Meanwhile the wild geese, high in the clean blue air,   
are heading home again.    
Whoever you are, no matter how lonely,   
the world offers itself to your imagination,   
calls to you like the wild geese, harsh and exciting –    
over and over announcing your place   
in the family of things.
Wild Geese by Mary Oliver

Hear Carmen sing this Mary Oliver poem on her YouTube Channel @CarmenAcevedoButcherPresence.


Mary Oliver’s gentle, beautiful, persistent, persisting, comforting, inspiring, and no-nonsense, clear-eyed, wild voice has been with me, in poetry and prose, for decades. I’m grateful for her presence in the world, ongoing, beyond death.

Sometimes I think she is the United States Rumi. My friend tells me when she goes home to Iran, that’s when she truly reconnects with Rumi, on the streets, in cars and trucks, in homes, on TV, in gatherings, he and his music and love and wisdom are everywhere. Much the same can be said about Mary Oliver, thankfully.

“Wild Geese” by Mary Oliver from Dream Work is a favorite poem for how it invites us to celebrate our interconnectedness with everything, every creature, and every one. It’s renewing in that way. I have lived with it so long that gradually a song came with it. First I read it, then reread it, then recited it, then it became a part of my DNA, I sang a few lines, and then I was singing it, and it was singing me.

First released in 1986 in Mary Oliver’s Dream Work, also a favorite of mine. To understand why, I’ll share with you some alerts in my phone and some notes to my self that are scattered around on my desk on index cards, some folded.  

One daily alert that pops up on my SE2 every morning at 6:15 AM reminds me: “I am safe, I am loved, I am part of this human family.” The last part especially is a theme of “Wild Geese”—“announcing your place / in the family of things.”

Another message pops up at 6 AM. If I see it, it’s the first thing I need to see, because no resume has ever been enough for me to assuage my deep-seated childhood trauma. Not that I look to my resume for that anymore, but the reverberations of insecurity are unavoidably foundational for me and deserve my utmost self-compassion and receive it regularly, too. The result of trauma for me is that I often don’t feel I belong anywhere. There are complex reasons for that. Mostly it’s part of my human condition. This message in my phone encourages me with what kind friends often say to me, so I say it to myself since I forget pretty much 24/7: “They are lucky to have you! You’re the best!”

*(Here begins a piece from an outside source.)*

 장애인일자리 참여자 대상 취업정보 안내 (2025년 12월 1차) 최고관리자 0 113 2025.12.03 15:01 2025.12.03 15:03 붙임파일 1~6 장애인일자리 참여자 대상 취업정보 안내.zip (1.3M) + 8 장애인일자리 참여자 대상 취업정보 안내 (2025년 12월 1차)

Then on one 3” x 5” unlined-side white notecard in thick permanent black ink, folded tall-ways, I read in large letters: “CALM & CONFIDENT.” Since my default for decades was to apologize for everything, and outgrowing that is an ongoing process, even as verbally and interiorly it happens significantly less and less. My other default setting, for the same reasons, is fear. That’s another reason I benefited from hanging out with the Guru of Calm, Brother Lawrence. I drank in his calmness in that very intimate way of translating him as he translated me. Thank you, Nic.

Then, on another card folded lengthwise, I tell myself: “You’re amazing, Carmen. A ✯! My inner deafness is a kind that hears kind words from family and friends and almost at once forgets to listen. “Love your neighbor as yourself” for me means I have to work daily on inobtrusively reclaiming my safe feeling of quiet baseline amazing, something a healthy childhood might allow a person to take for granted perhaps, and live their life out of that security.

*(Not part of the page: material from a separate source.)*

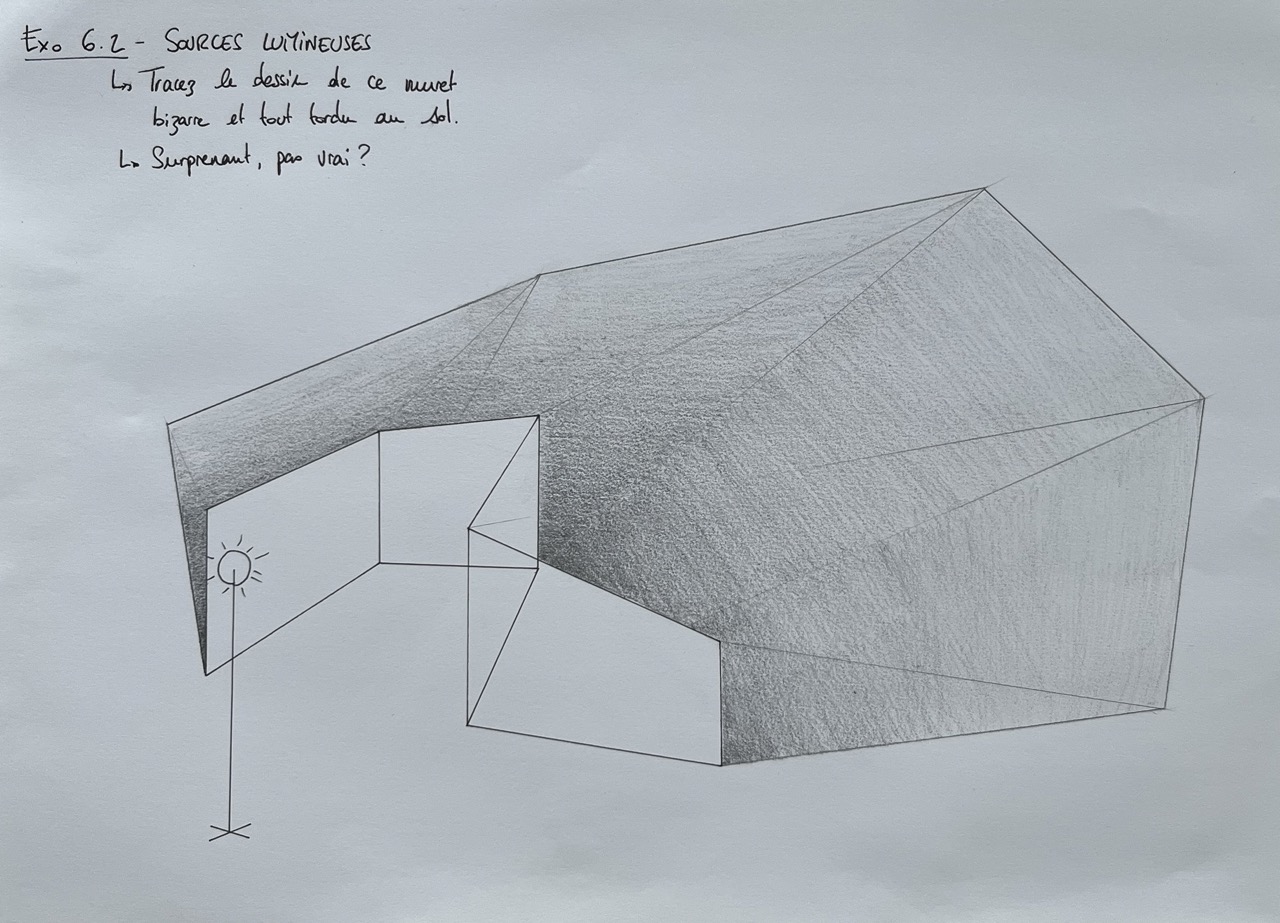Ton exercice est très bien ! Tu as correctement suivi les lignes de référence pour projeter les ombres, c'est un point positif pour toi ! De plus, l'utilisation de différentes intensités d'ombre donne une touche stylistique qui rend l'intensité du contraste encore plus claire. Excellent !

Over the years, I’ve been fortunate to heal my father wound. I’ve been to therapy, lots of therapy, and yes it was hard, and I’ll likely go back again one day. Doesn’t everyone need and benefit from therapy? My massage therapist gets massages. Therapists get therapy. Reminders of our interconnectedness.

I’ve also been fortunate to have years of rolfing. Getting help was painful at first. It did not come easy to me. I only went to rolfing because I could no longer use my arms and hands. In my 30s and 40s they gave me such constant pain that at night I fantasized about taking off my arms, and propping them against the wall beside my bed so I could sleep. My lifelong inner experience of being crippled that I had often coped with (on the surface) successfully, as my therapist once said, “You are a high-functioning depressive,” which made me mad before it made me aware—the truth of it came out. The fear, the pent-up anger, but mostly the sheer fright, came out in my body.

Carpal tunnel made me desperate. Desperation has so often turned out to be a loyal friend. Thank you, Desperation. Today I stretch my body regularly, rolfing healed me from the inside out, from the inner pain to the outer pain, and I was able to work, teach, write books, and more. Thank you, Karen.

I also met and married my best friend, Sean. Over 31 years ago now, and his kindness and deep love have been exciting, fun, sustaining, and healing, orienting me back to my true self. He is the sine qua non.

And I’m fortunate to have long-time friends, a mother who loves me and is always supportive and kind, and my own self-compassion and friendship with my self-Self. I also have a job I love (most of the time!) and colleagues and students who inspire me (all of the time!). Often they also become my friends. How enriching is that. Thankful.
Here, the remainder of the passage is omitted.